BLINK: The Power of Thinking Without Thinking, by Malcolm Gladwell, is an anecdotal, easy-to-read discussion of how our mind leads us to many of the decisions we reach. Gladwell does not present readers with a dry, scientific lecture about the mind. Instead, readers are treated to a breezy account of how split-second decisions are made and perhaps more importantly how people often assume the accuracy of those decisions when, in fact, those decisions are alarmingly incorrect.
Gladwell believes that our society is dedicated to the belief that decisions should be reached after a lengthy and deliberate fact-gathering process. When we are young, this concept is embedded in our brains. Stop and think, look before you leap, and haste makes waste are aphorisms taught to us all at a very young age. But Gladwell gives us examples where the opposite is in fact true, when snap judgments and first impressions are simply more reliable. As an example, he recounts the experience of one of America's busiest hospitals, Cook County Hospital, in Chicago, Illinois. Recently that facility changed the method for diagnosing patients who arrived there with chest pains. Doctors were instructed to gather less information rather than more. They were instructed to focus on critical information such as blood pressure and ECG. Applying the less is better philosophy, Cook County has become a leading American hospital in diagnosing chest pain.

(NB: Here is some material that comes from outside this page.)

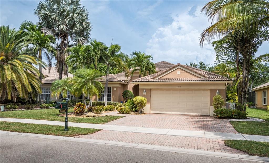 Gated community of Parkland Isles. Enjoy the location, amenities, schools, parks, and everything the area has to offer. This 4 bedroom 3 full baths pool and raised spa home has a newer kitchen and a great floor plan. Situated down a quiet street. Real nice curb appeal with brick pavered driveway and entryway along with the barrel tile roof and palm trees. Kitchen fully remodeled recently with center island, white cabinetry and elegant countertop. Stainless steel appliances. Neutral tile through main living areas. Master is spacious and offers views of pool. Light and bright. The backyard is fully fenced. This community with 24 hr manned guard gate, heated community pool & spa, gym, tennis, clubhouse, and much more. Low maintenance of $289 month alarm monitoring, cable and internet.

Malcolm Gladwell brings a scientific and business background to his writing. His first book, THE TIPPING POINT, recognizes how ideas, products and behavior become contagious within a culture. In both books, he presents his theories in a manner that can be studied at several levels. Some readers will be interested in the practical applications of the theories presented in BLINK. Others may find far more significance in the theory of decision-making and the ramifications of those concepts on our lives. In both respects, the attraction of BLINK is its potent mix of entertainment with perspective-altering theories.
While BLINK presents the possibility that quick evaluations can be as effective as deliberative decisions, the key word in that premise is "possibility." A quick decision can often be a disaster when it is the result of inappropriate first impressions. We must teach ourselves to recognize the difference between first impressions that are important and those that may be harmful. As an example of the latter, Gladwell cites to the reader something he has identified as the "Warren Harding error." Harding, arguably one of this country's worst Presidents, appeared very much like a President in the minds of many voters. "We have a sense of what a leader is supposed to look like, he writes." "And that stereotype is so powerful that when someone fits it, we simply become blind to other considerations."
BLINK is the type of book that many people will be discussing in the near future. While certainly it is your decision whether or not to read it, follow that first impression and pick up a copy. You will not be sorry you did.